Memperhatikan semakin banyak tersangka/terdakwa perkara pidana umum maupun khusus) yang
mengajukan ijin berobat ke luar negari dengan berbagai alasan dan ternyata ijin berobat ke luar
negari banyak disalahgunakan atau dimanfaatkan oleh tersangka/terdakwa untuk menghindari
proses penyidikan, penuntutan atau eksekusi putusan Pengadilan: Mengingat Pasal 33 Undang-
undang No.5 I Tahun 1991 tentang Kejaksaan RI, dan untuk mengantisipasi hal-hal diatas, dengan
ini diberikan petunjuk sebagai berikut:
1. Pada prinsipnya seorang tersangka/terdakwa perkara tindak pidana (umum/ khusus) yang
perkaranya sedang dalam proses penyidikan atau penuntutan tidak diijinkan untuk berobat ke luar
negeri, arena rumah sakit rumah sakit di Indonesia pada umumnya telah dapat mengobati semua
jenis penyakit.
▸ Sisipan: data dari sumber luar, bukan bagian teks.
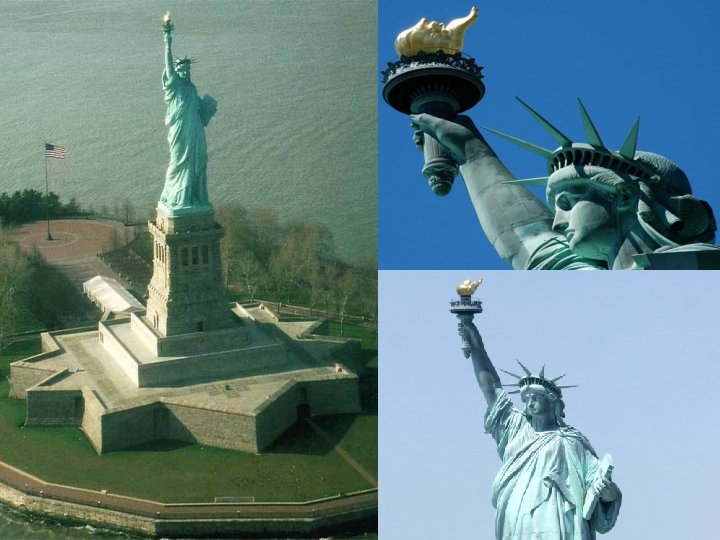 Statuia Libertăţii l l l Statuia Libertăţii este situată în New York pe Insula Libertăţii (Liberty Island). A fost oferită Americii de către Franţa la împlinirea a 100 de ani de la câştigarea independenţei. Are 92, 99 m şi reprezintă o femeie acoperită de un drapel care ţine în mâna dreaptă o flacără, iar în mâna stângă o placă pe care este inscripţionată ziua independenţei Americii: 4 iulie 1776. Simbolizează libertatea şi a devenit rapid emblema Statelor Unite ale Americii.

Ijin berobat ke luar negeri hanya dapat diberikan terhadap kondisi-kondisi dan jenis
penyakit tertentu yang belum dapat diobati di rumah sakit-rumah sakit di Indonesia.
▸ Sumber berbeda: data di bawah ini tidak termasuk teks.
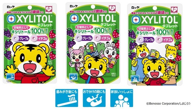 キシリトールを甘味料中100%使用、食べやすい穴あきタイプのタブレットです。お子様に人気のグレープ味とイチゴ味の2種類をアソートしています。お子様が歯みがき後にもお召し上がりいただけます。パッケージデザインには、新たに、しまじろうのお友達や家族が新登場!チャック付きパウチタイプですので、いつでもどこでも持ち歩いて、ぜひお友達やご家族とも一緒にお召し上がりください。

2. Ijin berobat ke luar negeri bagi tersangka/terdakwa hanya dapat diberikan oleh Jaksa Agung RI.,
setelah memenuhi syarat-syarat tertentu.
3. Ijin berobat ke luar negeri harus diajukan oleh tersangka/terdakwa atau keluarganya setelah
mendapatkan rekomendasi dari Dokter sepesialis penyakit yang bersangkutan, dan dilengkapi
surat keterangan resmi dari Rumah sakit Pemerintah yang ditunjuk untuk dapat memberikan
rujukan guna berobat ke luar negeri (Rumah Sakit Umum Pusat Cipto MangunKusumo Jakarta)
dengan penjelasan bahwa rumah sakit di Indonesia belum dapat memberikan pelayanan medis /
pengobatan terhadap penyakit yang diderita oleh tersangka/terdakwa.
4. Ijin berobat ke luar negeri diajukan kepada Jaksa Agung Ri, melalui jalur berjenjang (Kejaksaan
Negeri, Kejaksaan Tinggi , Jaksa Agung Muda yang bersangkutan) dengan menjelaskan nama dan
alamat lengkap rumah sakit di luar negeri yang akan merawat tersangka/terdakwa agar sewaktu-
waktu dapat dihubungi.
5. Harus ada jaminan dari tersangka/terdakwa dan keluarganya bahwa tersangka/terdakwa yang
bersangkutan akan segera kembali ke Indonesia setelah rumah sakit yang bersangkutan
memberikan keterangan bahwa tersangka/terdakwa dapat dirawat kembali di Indonesia.
6. Kejaksaan yang menangani perkara tersangka/terdakwa yang berobat ke luar negeri wajib
memantau dan meminta perkembangan hasil pengobatan tersangka/terdakwa dari rumah sakit di
luar negeri yang bersangkutan, sekurang kurangnya I (satu) bulan sekali, dan meminta penjelasan
masih perlu atau tidaknya tersangka/terdakwa dirawat di rumah sakit tersebut. Laporan hasil
pemantauan dikirim setiap bulan kepada Jaksa Agung RI., tembusan kepada Jaksa Agung Muda
Intelijen dan Jaksa Agung Muda yang bersangkutan.